The war years found Guy in the British army, his son, James, in a British public school and Byrdie in Victoria. When the Audain family was reunited in that city in June of 1920, James Dunsmuir was alone at the Cowichan Lake compound. Before Guy could visit his former fishing companion, Dunsmuir died of a stroke. Five years later his daughter, Byrdie Audain, died as well, leaving a son in his midtwenties and a sixty-year-old widower “brimming with health” and ready to pursue pleasure wherever it could be found.
Guy Audain always said that fishing would stand a man in good stead no matter where he travelled. Father and son spent many hours fishing together on the Cowichan River, the son watching in admiration as his dashing father demonstrated his skill with a fly rod. “He could catch a fish when no other human I have ever met could even stir one,” James would recall.

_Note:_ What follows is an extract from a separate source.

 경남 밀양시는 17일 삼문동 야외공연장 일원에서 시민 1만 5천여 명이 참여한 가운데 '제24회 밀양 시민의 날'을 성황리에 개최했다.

James Dunsmuir’s widow, Laura, had no interest in standing in the river for hours trying to outwit a wily trout or trophy salmon, but she continued to spend several weeks each summer on the river throughout the 1920s and early 1930s. The daughter of a North Carolina gentleman farmer of modest social status, Laura had braved the rough coal mining towns that were her early marital homes to become the chatelaine of a castle. In her widowhood, when her health was good enough, she held court for a steady stream of guests at the Dunsmuir enclave, which had become an extensive estate with a guest house separated from the main cabin by an expanse of lawn and a caretaker’s cottage.

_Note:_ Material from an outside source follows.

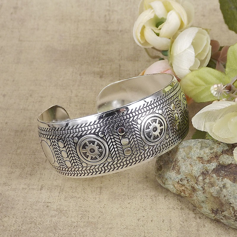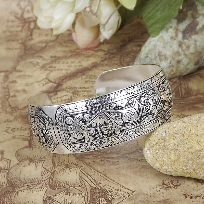 Exotic Miao Silver Bracelet Xizang Silver Bracelet Retro Jewelry Indian Style Ancient Silver Accessories Women's Bracelet

Upriver from the estate and right next door was Greendale. The Greens were not typical river dwellers—they were not wealthy and they lived there year round. Like most full-time residents they kept a cow and chickens, and it was by selling the Dunsmuirs milk and eggs that they had become acquainted. Louisa Green was invited to tea on occasion, and her younger son, Trevor, was allowed to come too, if he promised to observe the “No children on the porch until teatime” rule.
The Dunsmuirs intrigued young Trevor. He had heard about the cantankerous old man who had died at the house; he had seen the maids going in and out dressed in traditional black with white caps and aprons; and he had observed the arrival and departure of numerous well-dressed city people, the children, grandchildren and friends of the old lady.
Mrs. Dunsmuir’s second-youngest daughter, Kathleen, and her husband, Seldon Humphreys, were frequent visitors at the estate. Mrs. Humphreys was a vivacious blonde and her husband a dapper little man, charming but “weak as water.” They lived on her fortune and had a reputation for giving long and lavish parties in their Victoria home.
When in residence at the lake, the Humphreys children, three girls and one boy all with names beginning with “J>“ required playmates. Teen-aged Trevor Green was a reluctant recruit invited, or commanded, to play with the two oldest children, the barely school-aged Master James and Miss Joan, while his mother took tea with the grownups.
Trevor went off to high school in Victoria, and Kathleen Humphreys tired of her husband. She took her children and what was left of her fortune to Hollywood, where she attempted, at the age of forty, to pursue a movie career. A producer with an eye for a good thing persuaded her to invest in his production company. He produced a series of movies, the most infamous of which, The Crimson Paradise, was shot at Hatley Park and the Dunsmuir estate on the Cowichan River. Kathleen provided meals for the cast and crew and coerced several members of her family to take nonpaying bit parts. The film was not successful.
Dunsmuir stories made for good gossip in the village. Everyone in Lake Cowichan had one story, usually involving tightfisted wealth or illustrious visitors mostly observed from a distance. When Evelyn, Lady Byng, wife of the governor-general of Canada, stayed with Mrs. Dunsmuir in 1925, the villagers watched from the sidelines as the titled woman, whose interest in fair play had prompted her that very year to donate a trophy to the National Hockey League, was taken by launch around the lake to visit the few people considered worthy of such an important guest. After stopping to visit the rhododendron gardens of the Stokers and the Simpsons near Marble Bay, the launch crossed the lake to visit the Ashburnhams and their daughter, Doreen, who had just made her debut in London at the Court of St. James.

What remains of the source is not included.